I’m looking forward to a quality, exciting Bay Area-centric system and a new platform for reporting and analyzing local issues we face, opportunities we have and relationships we can develop. Thanks for taking on this challenge.

Call me Uncle Skeeter

Joe, I sure do feel lucky. We got the phone call about two and a half hours ago that my nephew Jacob Michael Rentz was born at 4:45 this afternoon, a healthy six pounds nine ounces and 20 inches long, and he and my sister Joanne are resting comfortably. Despite the ultra-connectivity we think we’re living in, no photos have yet been emailed to me but I expect to post one ASAP. Larry, do you hear me? LOL.

Coincidence: Tonight the final episodes of Star Trek: Enterprise and Andromeda were broadcast. I think this is more significant for my nephew’s future than the date being Friday the 13th.

Jake, down the line when you ask about today, here’s what I want to say: You are a fortunate child, born to two wonderful parents with four older siblings that will surely help you, tease you, tickle you and love you. Grandparents who’ve been waiting for your arrival as long as I can recall who want nothing more than to spoil you, within reason, as any grandparent should. And your Aunt Vivian and I, we may not be physically close but you’re always going to be in our thoughts and hearts. Welcome to your new home. Live long and prosper.
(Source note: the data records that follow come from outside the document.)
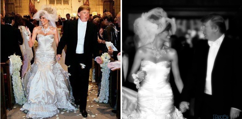 Chiếc váy cưới của Đệ nhất phu nhân Mỹ đến từ nhà mốt Christian Dior, do John Galliano thiết kế riêng cho hôn lễ của bà và Tổng thống Donald Trump ở Palm Beach, Florida, Mỹ, vào tháng 1/2005. Bà Melania cũng mặc chiếc váy cùng tấm mạng che mặt dài gần 5m khi trở thành gương mặt trang bìa cho ấn bản tháng 2/2005 của tạp chí Vogue.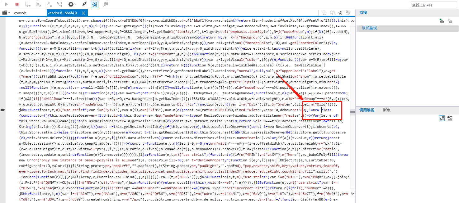这里是压缩后的js,整体就1行代码, 并且在控制台看代码,光标不会煽动,很难找.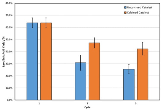 The catalyst recyclability is of utmost importance for the low-cost application production of LA with solid acid catalysts. The solid acid catalyst was mechanically separated from the solid residue through a 68 μm sieve which resulted in a 63% catalyst recovery (excluding 12% vs. catalyst contamination). The effects of calcination at 450 °C on catalyst reusability were investigated to understand both the possible catalyst deactivation mechanisms and to evaluate possible non-calcined catalyst recovery processes.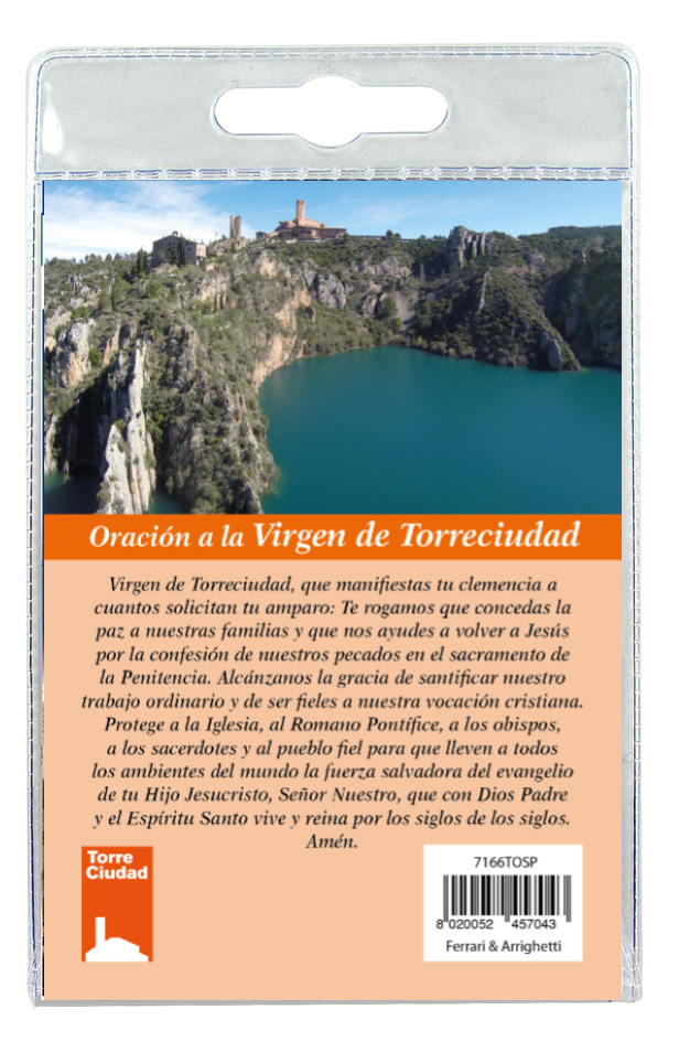 Realizzato in Italia viene consegnato in una bustina in plastica trasparente con all'interno una preghiera,in spagnolo, dedicata alla Vergine di Torreciudad.

I’m sure Tim Draper music video is all that and a bag of potato chips but throwing around the claim that it was produced by a member of the Eagles, when in truth it was produced by the guy they hired to play drums while Don Henley preens upstage is not exactly the same thing. Even if you are a hugely successful venture capitalist.

Black is never the new black

37signals posts an article pushing back on Google Web Accelerator, Hey, not so fast – an alert for web app designers, which was a reaction to the way GWA prefetches even destructive links. Now arguments have been made, pro and con, on how wise it is of Google to do this and for web developers to use GETs instead of POSTs so the functionality is vulnerable to it, I’m not debating which is the best answer. I am sitting here laughing because on the same page as this blog post, 37signals has an add for the book they authored, Defensive Design for the Web. I personally expect people who write books about defensive design to actually design defensively, don’t you?

Brooklyn Bridge, get your Brooklyn Bridge here

Driving to the gym this morning, one of the radio station blabbermouths mentioned a recent academic study which found that only two percent of all marital affairs stay secret, meaning that 98% become known to the other spouse. Let’s call BS on this, assuming the radioman reported the study accurately, because if you’d successfully (and purposely) hidden knowledge of the betrayal from everyone would you really be likely to tell a complete stranger? Even if anonymity was guaranteed why would anyone take the chance?